■ **Exercise objective**
Using the listing below, output only the lines from the one that contains "5月16日,工作人員在展示玻璃樣品柜內的一個(gè)玻璃樣品。" through the one that contains "Swarovski CZ Green", inclusive, exactly as given and without images.
·····
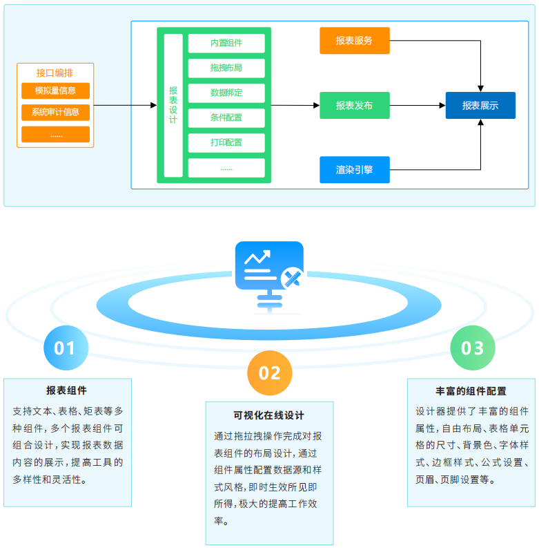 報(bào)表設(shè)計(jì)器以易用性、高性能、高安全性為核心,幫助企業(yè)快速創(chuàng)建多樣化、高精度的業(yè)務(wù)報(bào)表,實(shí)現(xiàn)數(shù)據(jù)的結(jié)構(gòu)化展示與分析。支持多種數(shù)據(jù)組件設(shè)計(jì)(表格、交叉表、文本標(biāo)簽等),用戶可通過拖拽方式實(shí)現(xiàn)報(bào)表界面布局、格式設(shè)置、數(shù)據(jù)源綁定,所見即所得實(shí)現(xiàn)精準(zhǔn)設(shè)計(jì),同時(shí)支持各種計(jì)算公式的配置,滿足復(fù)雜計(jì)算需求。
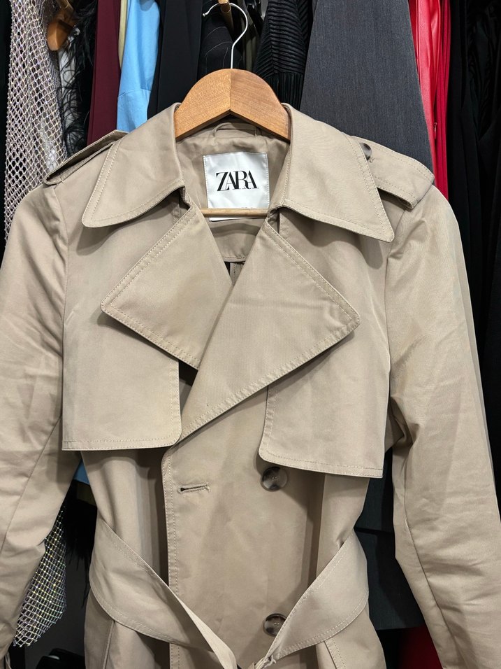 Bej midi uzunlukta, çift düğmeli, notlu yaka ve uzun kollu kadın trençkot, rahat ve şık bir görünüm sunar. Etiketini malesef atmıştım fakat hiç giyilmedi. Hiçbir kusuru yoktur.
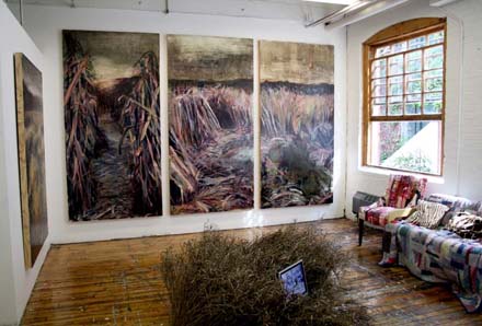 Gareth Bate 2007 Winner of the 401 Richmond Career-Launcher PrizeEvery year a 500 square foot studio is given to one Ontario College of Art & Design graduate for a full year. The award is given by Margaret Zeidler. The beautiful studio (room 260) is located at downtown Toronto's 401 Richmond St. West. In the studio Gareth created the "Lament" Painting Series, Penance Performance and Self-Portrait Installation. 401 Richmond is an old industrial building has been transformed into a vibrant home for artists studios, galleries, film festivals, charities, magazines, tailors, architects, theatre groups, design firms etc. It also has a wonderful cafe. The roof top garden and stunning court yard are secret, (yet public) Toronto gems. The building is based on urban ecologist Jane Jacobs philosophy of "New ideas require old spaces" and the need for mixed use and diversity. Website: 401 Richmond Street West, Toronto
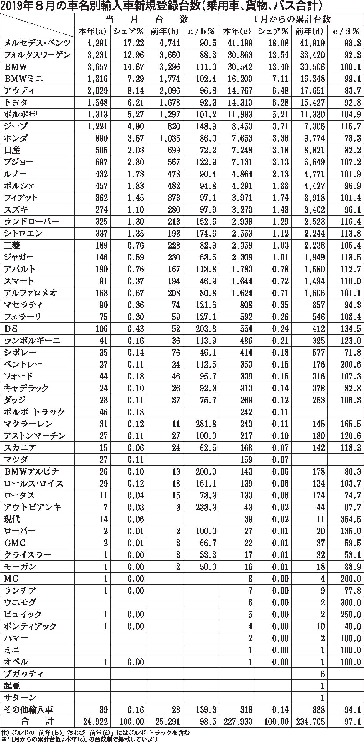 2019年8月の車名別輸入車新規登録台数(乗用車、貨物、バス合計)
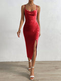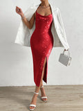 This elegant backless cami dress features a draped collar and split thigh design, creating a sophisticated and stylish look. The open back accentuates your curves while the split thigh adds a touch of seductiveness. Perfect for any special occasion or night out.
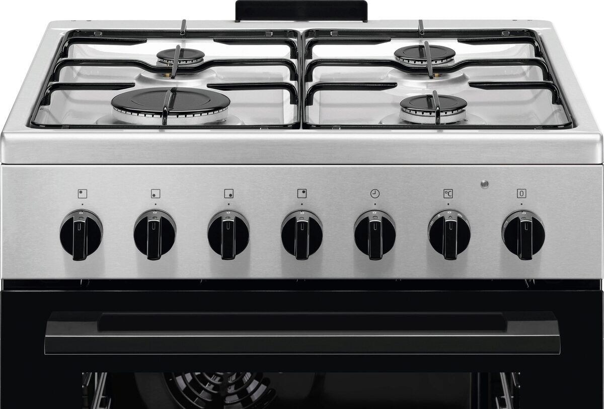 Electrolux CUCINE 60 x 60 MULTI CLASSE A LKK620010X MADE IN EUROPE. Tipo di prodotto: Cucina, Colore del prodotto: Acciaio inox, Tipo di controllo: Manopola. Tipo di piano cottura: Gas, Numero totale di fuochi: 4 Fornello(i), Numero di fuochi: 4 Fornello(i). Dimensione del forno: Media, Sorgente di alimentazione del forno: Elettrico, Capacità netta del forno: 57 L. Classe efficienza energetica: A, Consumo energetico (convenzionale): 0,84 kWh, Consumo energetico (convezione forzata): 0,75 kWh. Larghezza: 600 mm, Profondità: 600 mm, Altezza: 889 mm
·····
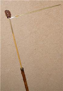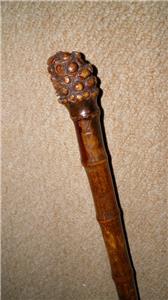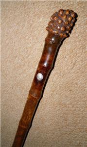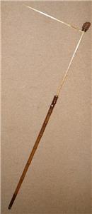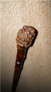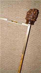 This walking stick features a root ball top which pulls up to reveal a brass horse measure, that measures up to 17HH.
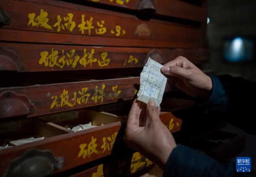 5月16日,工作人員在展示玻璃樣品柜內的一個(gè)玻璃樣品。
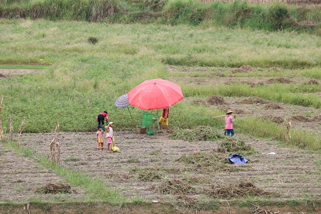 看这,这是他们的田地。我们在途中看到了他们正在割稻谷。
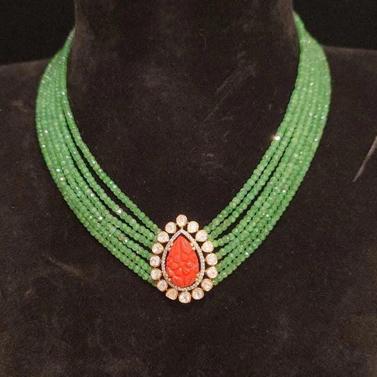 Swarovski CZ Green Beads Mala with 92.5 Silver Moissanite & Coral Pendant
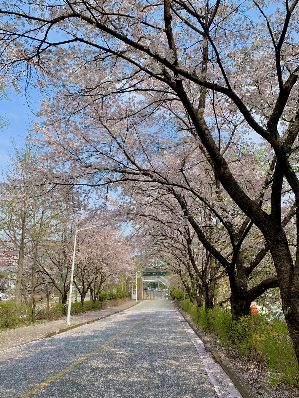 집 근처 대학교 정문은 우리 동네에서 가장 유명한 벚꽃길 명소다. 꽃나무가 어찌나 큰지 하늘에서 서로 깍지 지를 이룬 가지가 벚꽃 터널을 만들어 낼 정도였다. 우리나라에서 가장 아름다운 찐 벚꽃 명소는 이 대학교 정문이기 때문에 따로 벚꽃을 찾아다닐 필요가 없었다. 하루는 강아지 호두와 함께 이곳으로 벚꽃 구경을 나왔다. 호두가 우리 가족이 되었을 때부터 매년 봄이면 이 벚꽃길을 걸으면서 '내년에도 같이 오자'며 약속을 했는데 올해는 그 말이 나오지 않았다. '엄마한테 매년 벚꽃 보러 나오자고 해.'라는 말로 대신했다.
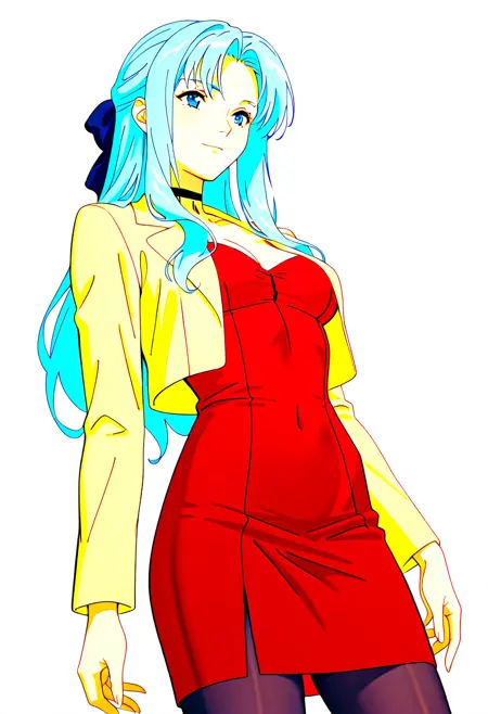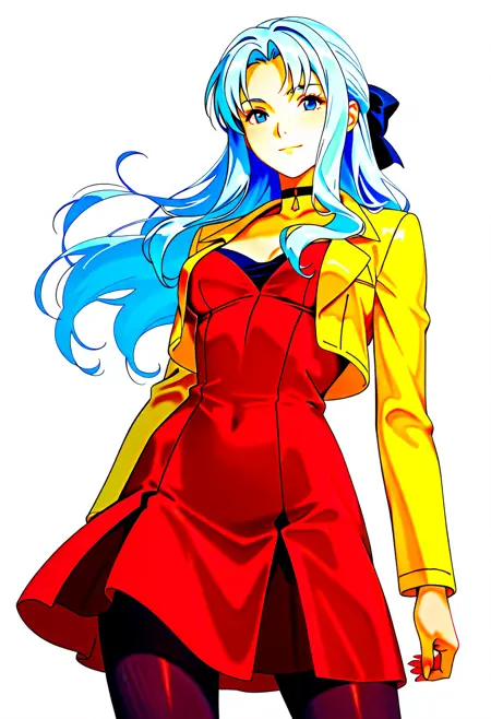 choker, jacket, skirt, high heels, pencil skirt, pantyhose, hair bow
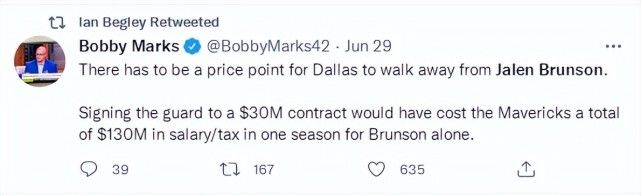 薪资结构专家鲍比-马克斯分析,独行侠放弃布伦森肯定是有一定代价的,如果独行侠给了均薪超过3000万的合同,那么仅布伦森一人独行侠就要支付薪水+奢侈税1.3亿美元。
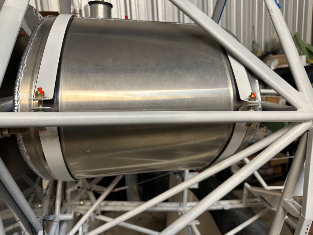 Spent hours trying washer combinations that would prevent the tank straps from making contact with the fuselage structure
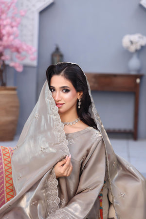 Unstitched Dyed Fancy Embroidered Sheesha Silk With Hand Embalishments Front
·····
■ **Finished exercise**
 5月16日,工作人員在展示玻璃樣品柜內的一個(gè)玻璃樣品。
 看这,这是他们的田地。我们在途中看到了他们正在割稻谷。
 Swarovski CZ Green Beads Mala with 92.5 Silver Moissanite & Coral Pendant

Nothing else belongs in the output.